U.S. Pat. No. 6,181,614 illustrates and describes a circuit arrangement and method for dynamically repairing a redundant memory array by using a combination of dynamically-determined repair information, generated from a memory test performed on the redundant memory array, along with persistently-stored repair information to repair the redundant memory array. U.S. Patent Application Publication 2005/0083739 describes a system and a method for dynamically repairing a semiconductor memory. The system includes circuitry for dynamically storing memory element remapping information. Memory is dynamically reprogrammed in order to remap unused spare memory elements for failed memory elements when errors are detected. Unused spare memory elements are remapped utilizing a circuit that overrides functional fuses. While these circuits, systems, and methods have introduced improvements, they are based on the assumption that detected faults are “hard” or permanent defects in the memory.

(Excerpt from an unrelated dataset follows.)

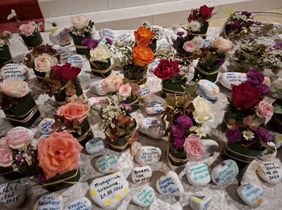 Ingrid Schreiber hatte dafür wunderschöne Blumen-Sushis gestaltet und Michael Heinrichsdorff seine inspirierenden Engel-Kunstwerke zur Verfügung gestellt. Verena Brunkhorst und Susanne Wahrburg hatten im Vorfeld für jede begleitete Person einen Stein beschriftet, den die An- und Zugehörigen im Anschluss mitnehmen durften.

For a stand alone memory chip, the whole memory may be tested with all of the failing locations identified by an external tester. Once all of the failing locations are identified, various redundancy solutions are exercised via software simulation means prior to implementing any of the redundancy in hardware. Often, all possible solutions are exercised prior to selecting the redundancy solution to implement. Such a repair algorithm is described in U.S. Pat. No. 6,940,766. The repair algorithm stores an entire defect matrix, which is applied to a repair algorithm until a repair solution is identified or all redundancies are exhausted. However, embedded memories may not be directly or conveniently accessible by an external tester. In addition, the methodology assumes that detected faults are permanent.
Other approaches to the allocation of redundant elements in a BIST environment have been tried. However, they generally suffer from excessive on-chip logic for the redundancy calculation, result in an efficient redundancy implementation determination, or a combination of both.